WHAT IS EXPECTED: Below are several entries. Transcribe exactly those lines that fall from the one with "Le tissage des" through the one with "الحمية وعن العصبية.", end lines included.

SUPPLIED ENTRIES:
* * * * *
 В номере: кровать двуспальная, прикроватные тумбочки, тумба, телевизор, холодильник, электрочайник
* * * * *
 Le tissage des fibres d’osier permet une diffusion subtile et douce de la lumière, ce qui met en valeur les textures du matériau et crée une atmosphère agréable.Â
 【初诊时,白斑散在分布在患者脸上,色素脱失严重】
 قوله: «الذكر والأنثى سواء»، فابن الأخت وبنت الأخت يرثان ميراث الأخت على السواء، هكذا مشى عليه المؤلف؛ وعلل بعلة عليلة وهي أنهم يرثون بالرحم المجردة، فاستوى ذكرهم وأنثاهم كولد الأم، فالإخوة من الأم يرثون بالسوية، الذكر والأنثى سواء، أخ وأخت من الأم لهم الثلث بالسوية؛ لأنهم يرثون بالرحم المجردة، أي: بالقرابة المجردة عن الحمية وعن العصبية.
* * * * *
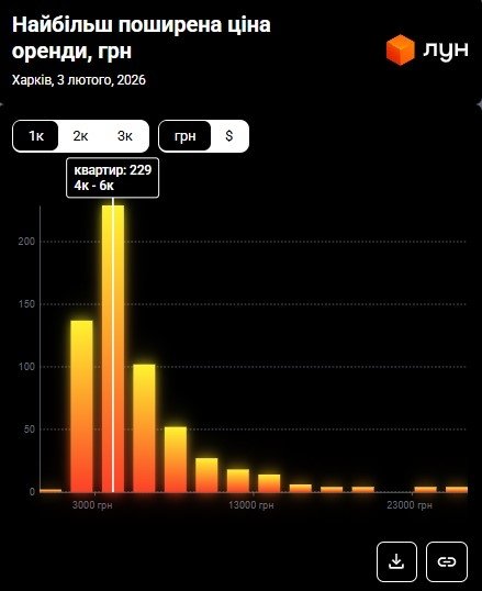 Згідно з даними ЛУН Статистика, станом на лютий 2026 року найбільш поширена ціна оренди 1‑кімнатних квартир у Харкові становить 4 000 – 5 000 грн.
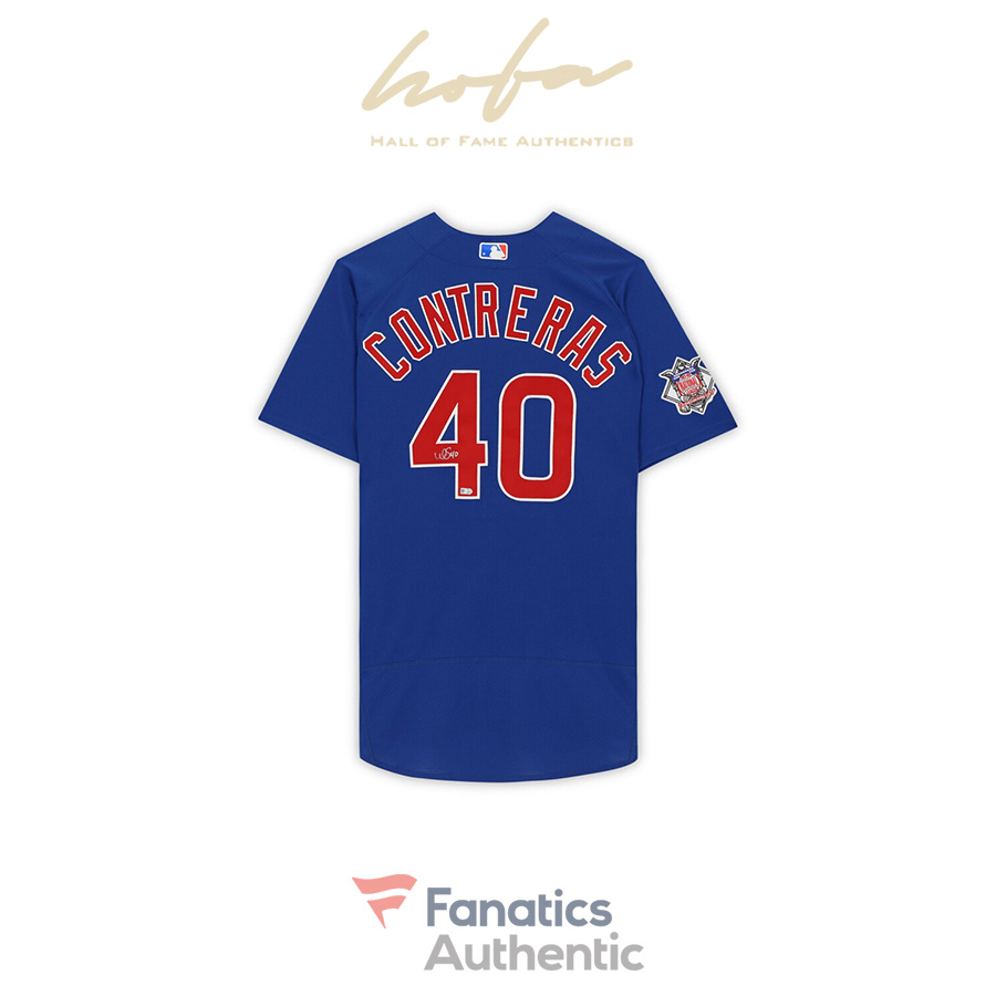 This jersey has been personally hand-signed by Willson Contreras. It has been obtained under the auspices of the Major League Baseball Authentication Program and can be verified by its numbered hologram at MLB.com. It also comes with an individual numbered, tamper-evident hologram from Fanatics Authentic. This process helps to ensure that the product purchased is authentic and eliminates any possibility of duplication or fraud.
* * * * *
EXERCISE OUTPUT:
 Le tissage des fibres d’osier permet une diffusion subtile et douce de la lumière, ce qui met en valeur les textures du matériau et crée une atmosphère agréable.Â
 【初诊时,白斑散在分布在患者脸上,色素脱失严重】
 قوله: «الذكر والأنثى سواء»، فابن الأخت وبنت الأخت يرثان ميراث الأخت على السواء، هكذا مشى عليه المؤلف؛ وعلل بعلة عليلة وهي أنهم يرثون بالرحم المجردة، فاستوى ذكرهم وأنثاهم كولد الأم، فالإخوة من الأم يرثون بالسوية، الذكر والأنثى سواء، أخ وأخت من الأم لهم الثلث بالسوية؛ لأنهم يرثون بالرحم المجردة، أي: بالقرابة المجردة عن الحمية وعن العصبية.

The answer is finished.